A metrics adapter exposes Prometheus query results through the Kubernetes External Metrics API.
The HPA evaluates the metrics against your defined thresholds and adjusts the pod replica count.

Prerequisites

Before you begin, ensure that you have:

Application metrics collected by Prometheus. For more information, see Use Mixerless Telemetry to observe ASM instances
kubectl configured to connect to your cluster. For more information, see Obtain the kubeconfig file of a cluster and use kubectl to connect to the cluster

Deploy the metrics adapter and load tester

Before creating HPAs, deploy a metrics adapter to bridge Prometheus and the Kubernetes Metrics API, and a load tester to simulate traffic for validation.

Deploy the metrics adapter

Run the following Helm command to install the metrics adapter in the kube-system namespace:

helm --kubeconfig <kubeconfig-path> -n kube-system install asm-custom-metrics \
  $KUBE_METRICS_ADAPTER_SRC/deploy/charts/kube-metrics-adapter \
  --set prometheus.url=http://prometheus.istio-system.svc:9090

Replace <kubeconfig-path> with the path to your kubeconfig file.

Note

For the complete deployment script, see demo_hpa.sh on GitHub.

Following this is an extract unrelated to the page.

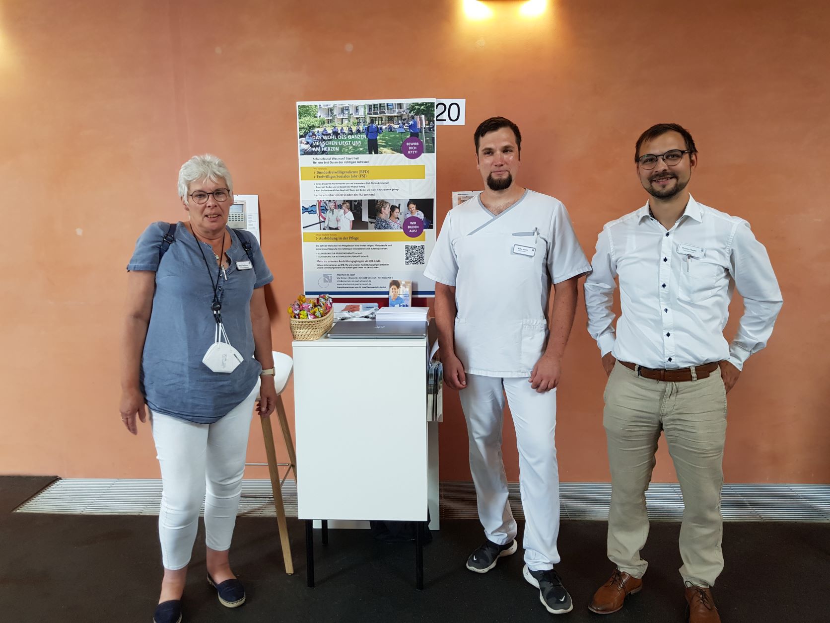 Nach intensiver Vorbereitungsphase freuten sich unsere motivierten Praxisanleitungen Rosemarie Ambros und André Henrich, gemeinsam mit Pflegedienstleiter Christian Töppler, auf die am 24. und 25. Juni stattfindende „Ausbildungsmesse Future 2022“ in der Arbeitsagentur Trier, bei der 60 Unternehmen aus unterschiedlichen Berufsfeldern Infostände aufgebaut hatten. Mit Blick auf die neue „generalistische Pflegeausbildung“ ist es den Mitarbeitern von St. Josef ein Herzensanliegen, junge Menschen für einen Pflegeberuf zu begeistern und vorbildlich auszubilden, um die gute Pflegequalität des Hauses weiterhin auf hohem Niveau halten zu können.

Verify the metrics adapter

Check that the metrics adapter pod is running: Expected output:

   kubectl --kubeconfig <kubeconfig-path> get po -n kube-system | grep metrics-adapter

   asm-custom-metrics-kube-metrics-adapter-6fb4949988-ht8pv   1/1     Running     0          30s

Confirm that the autoscaling/v2beta2 API is available: Expected output:

   kubectl --kubeconfig <kubeconfig-path> api-versions | grep "autoscaling/v2beta"

   autoscaling/v2beta1
   autoscaling/v2beta2

Verify that the External Metrics API endpoint is accessible: Expected output: The resources array is empty because no HPA has registered external metrics yet.

   kubectl --kubeconfig <kubeconfig-path> get --raw "/apis/external.metrics.k8s.io/v1beta1" | jq .

   {
     "kind": "APIResourceList",
     "apiVersion": "v1",
     "groupVersion": "external.metrics.k8s.io/v1beta1",
     "resources": []
   }

Deploy the Flagger load tester

Download the Flagger YAML files from the Flagger GitHub repository.

Deploy the load tester in the test namespace: Replace <flagger-path> with the local path to the downloaded Flagger repository.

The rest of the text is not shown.